- **TASK INSTRUCTIONS**:
Copy, word for word, the opening line of the data and each line after it until the line that contains "Mekaniska energin före = mv2/2 för skottet", which is included. Leave the pictures out.
[[ DATA SHOWN, beginning ]]
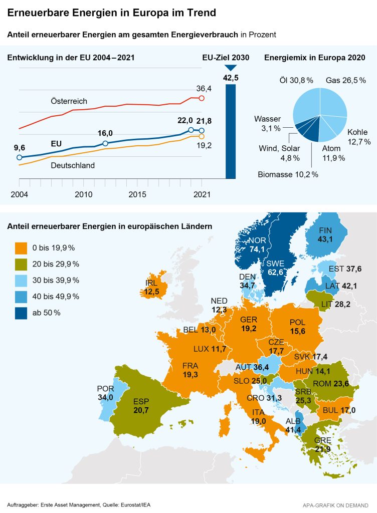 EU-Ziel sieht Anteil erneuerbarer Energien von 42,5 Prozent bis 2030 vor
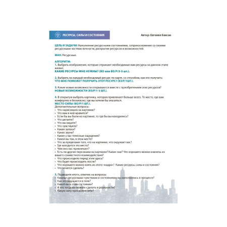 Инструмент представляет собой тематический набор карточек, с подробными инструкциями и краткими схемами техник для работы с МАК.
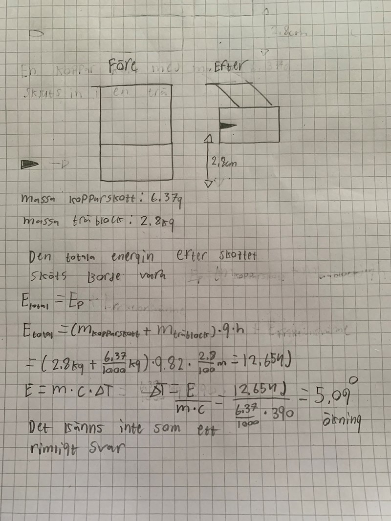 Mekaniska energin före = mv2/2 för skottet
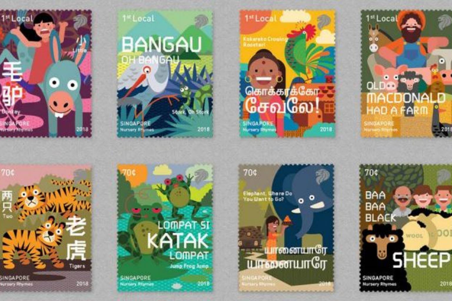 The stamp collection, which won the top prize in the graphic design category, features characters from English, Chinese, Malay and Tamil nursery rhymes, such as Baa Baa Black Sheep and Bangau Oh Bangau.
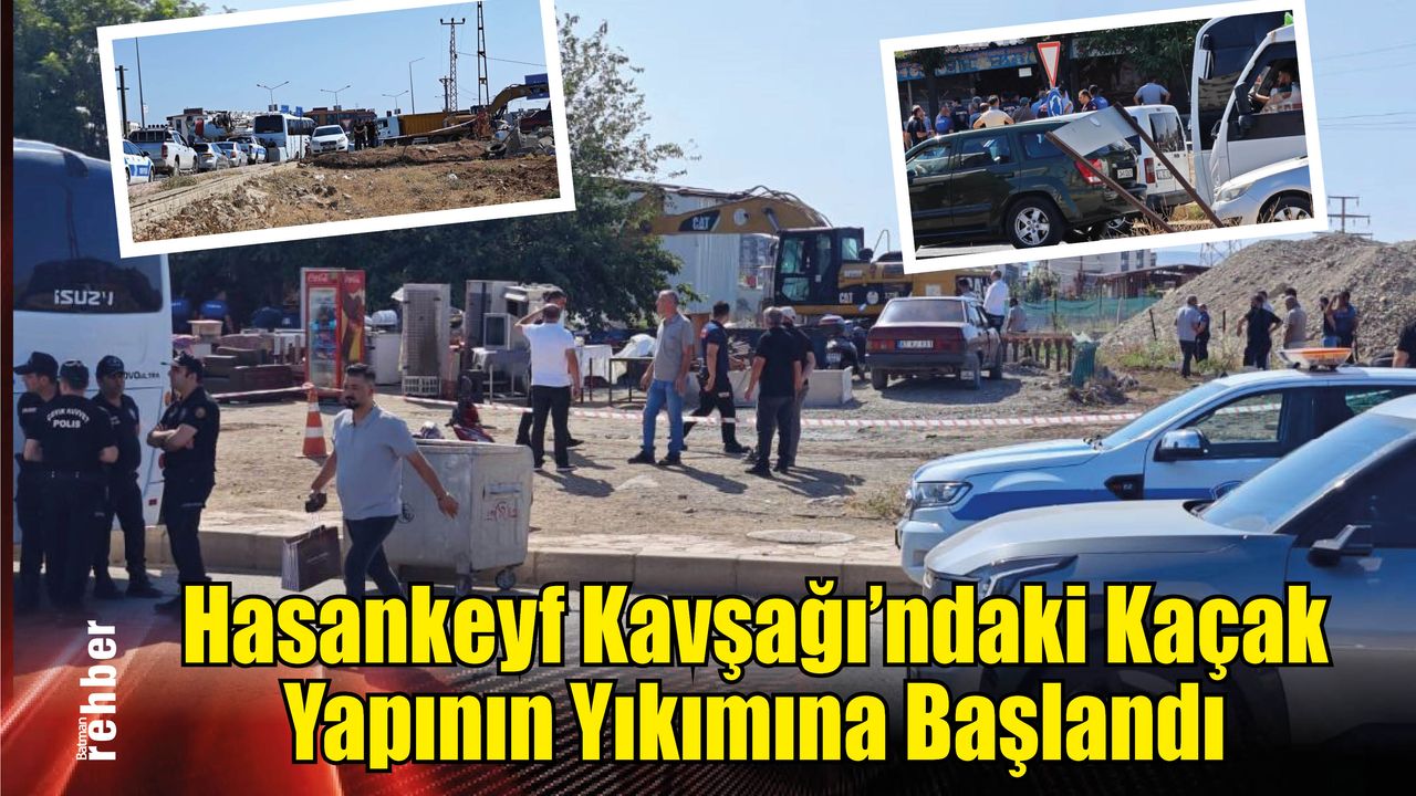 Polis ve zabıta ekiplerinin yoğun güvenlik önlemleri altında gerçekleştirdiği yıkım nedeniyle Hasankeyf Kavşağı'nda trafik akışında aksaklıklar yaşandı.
[[ DATA SHOWN, end ]]
- **ANSWER**:
 EU-Ziel sieht Anteil erneuerbarer Energien von 42,5 Prozent bis 2030 vor
 Инструмент представляет собой тематический набор карточек, с подробными инструкциями и краткими схемами техник для работы с МАК.
 Mekaniska energin före = mv2/2 för skottet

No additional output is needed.